Data excerpt: Begin

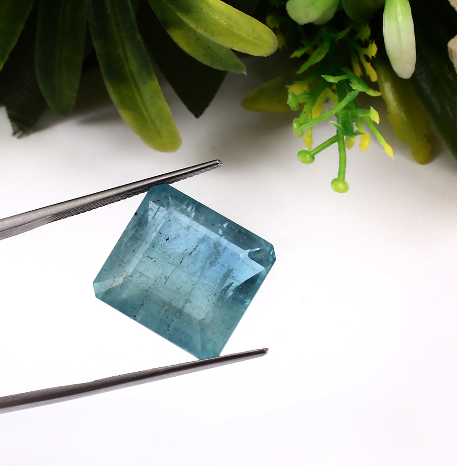 Introducing the stunning 27.10 Carat Precious Brilliant Aquamarine Faceted Square Gemstone from Gudha Gems Company. With a carat weight of 27.10 carats, this Aquamarine gemstone is a true statement piece. The size of the stone is 17x16x11 mm, making it a substantial and impressive gemstone that will command attention. The square shape of the stone adds to its uniqueness and sets it apart from more traditional shapes like round or oval.The color of this beautiful shade of blue is characteristic of the finest quality Aquamarine gemstones, and it is sure to catch the eye of anyone who sees it. The brilliance of the stone is enhanced by the expert faceting, which allows light to dance across the surface and create a dazzling display of color and sparkle.
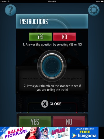 Disclaimer: This app is purely for entertainment purpose only. It does not really detect the Truth or Lie and it is just for pranks!
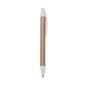 Descrição: Caneta de papelão com detalhes plásticos, carga esferográfica azul 1.0 mm e acionamento por clique. Largura 1,4 cm Medidas aproximadas para gravação(CxL): 4 cm x 1 cm Peso aproximado(g): 6 Comprimento 13,9 cm
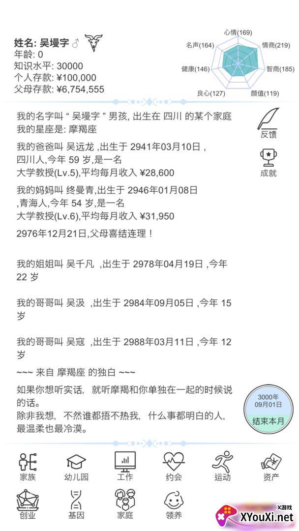 - 成功进入游戏后,你将看到详尽的个人档案,包括你的家庭成员信息。

Data excerpt: End

● Exercise instructions
Reproduce the material above exactly, but only from the line with "Disclaimer: This app" through its last line, leaving pictures out.

● Expected answer
 Disclaimer: This app is purely for entertainment purpose only. It does not really detect the Truth or Lie and it is just for pranks!
 Descrição: Caneta de papelão com detalhes plásticos, carga esferográfica azul 1.0 mm e acionamento por clique. Largura 1,4 cm Medidas aproximadas para gravação(CxL): 4 cm x 1 cm Peso aproximado(g): 6 Comprimento 13,9 cm
 - 成功进入游戏后,你将看到详尽的个人档案,包括你的家庭成员信息。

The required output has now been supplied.